KURABİYELER, KEKLER VE TURTALAR-SARILMA KEYİF VE GÜVEN TAZELEME İSTEĞİ

Kurabiye, kek gibi tatlıları yeme isteği; ekmek, pilav, makarna gibi tahılları canımızın çekmesiyle benzerlik gösterir. Her iki grup da, yatıştırıcı etkiye sebep olan, karbonhidratı yüksek miktarda içermesidir. Bu besinleri birbirinden ayıran KİLİT NOKTA; karbonhidrattan aldığımız tadın tatlı mı yoksa tuzlu mu olduğudur. Ekmek gibi daha tuzlu besinlere karşı koymak; kek, kurabiye, turta gibi tatlı besinlere karşı koymaktan genellikle daha kolaydır. Tatlı besinleri tüketme isteğinin daha güçlü olması, çocukluğumuzdan bu yana tatlı ve şekerleme gibi yiyeceklerle ödüllendirilmenize dayanıyor olabilir. Bu yiyecekler; şekerli, doygun yapıda ve tıpkı bir sakız gibi kremsi dokusuyla ağız içinde yumuşak bir tabaka olarak kaplanır. Birine sarıldığınızda yaşadığınız huzuru ve temas kurmanın güvenini size hissettirir. Temas kurma ve sarılma isteği duyulan anlarda bu grup besinlere daha fazla yöneldiğinizi görebilirsiniz.

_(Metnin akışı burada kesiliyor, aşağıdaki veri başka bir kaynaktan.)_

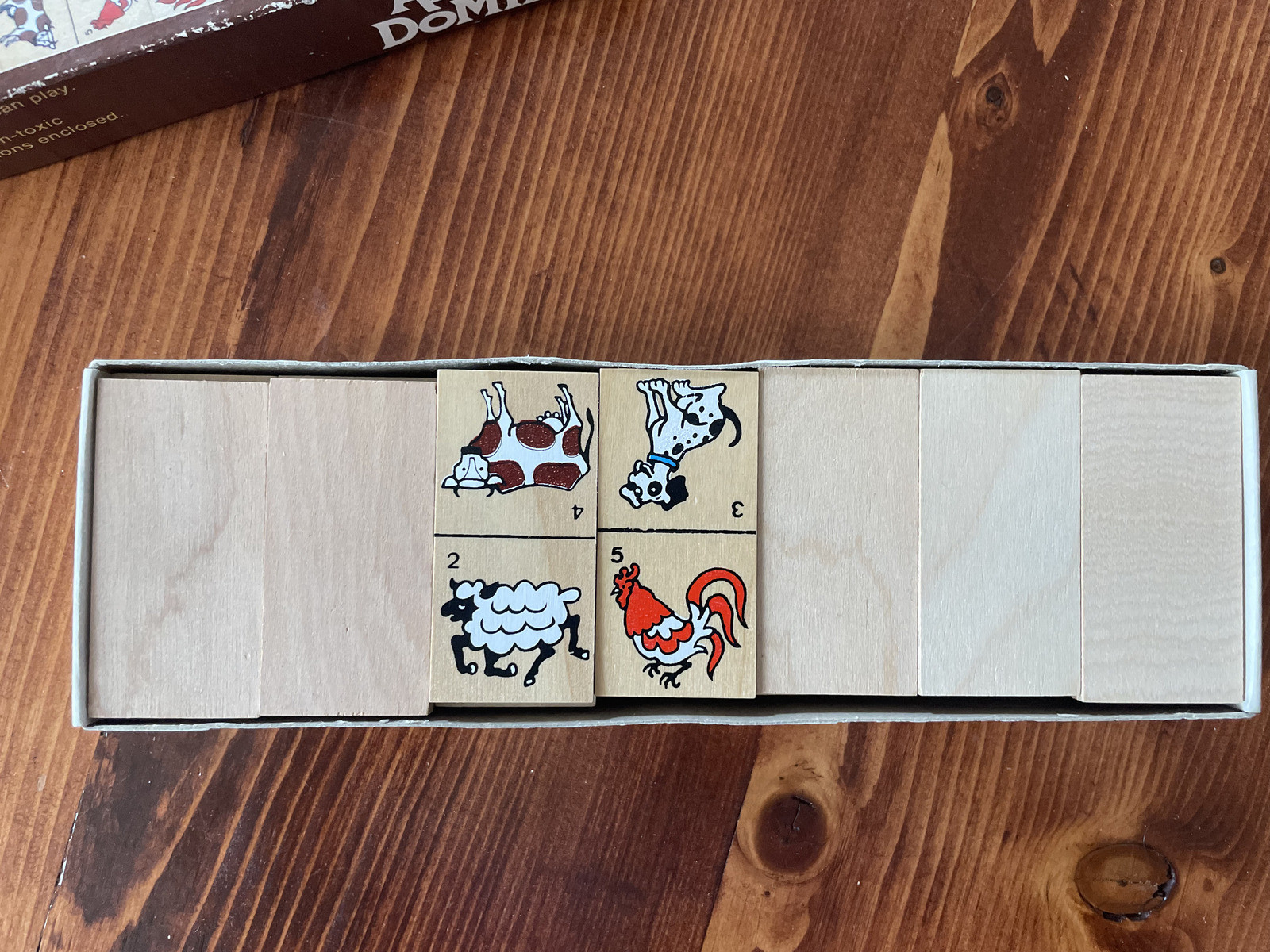Vintage Wooden Animal Dominoes 28 Piece Family game 1985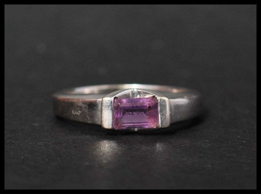 A hallmarked 9ct white gold and amethyst contemporary ring having a suspension set baguette amethyst. Hallmarked London. Weight 2.8g. Size P.

YAĞ ORANI YÜKSEK YİYECEKLER-İÇİMİZDEKİ BOŞLUĞU DOLDURMAK

Çabucak sindirilen sebze meyve gibi besinlerden farklı olarak, yağlı besinler daha geç sindirilir. Geç sindirim ise yemeğin midenizde daha uzun süre kalıyor olması anlamına gelir. Yüksek yağlı yiyecekleri yeme isteği duyan bireyler bu doluluk hissini devam ettirmek isterler; çünkü midelerinin boş kalmasından korkarlar. Mide boşalır boşalmaz da aynı döngüyü tekrarlayarak yakalanan doluluğu sürdürmek isterler. Bu durum içimizde yaşadığımız boşluğu yemek yiyerek doldurma çabasıdır. İçsel açlıkla mücadelenin adı yağlı yemeklere yönelmektir. Korkutan o büyük boşluktan kaçma çabası, yerini patates kızartması, cips, hamburger yemeye bırakır.

Vücudunuzun her bir hücresi; yaşadığımız olaylardan, hissettiğimiz duygulardan, kısacası tüm çevrenizden etkilenir.

Hissedilen duyguyu iyileştirmek için yemeklere yönelmek yerine; bu kez ihtiyaç duyduğun şeye odaklanabilirsin. Kalbine yönel ve onu sevgiyle doldur. Çünkü kalbin olumlu veya olumsuz tüm duyguların merkezidir. Aşağıdaki sorunun yanıtı, kendine en iyi şekilde yardım etmenin yolunu gösterebilir.

Duygularımı yemekle bastırmak ve tepkilerimi yediklerimle göstermek yerine,

“Şimdi ve burada yemek dışında bana yardım edebilecek asıl ihtiyaç duyduğum şey ne?”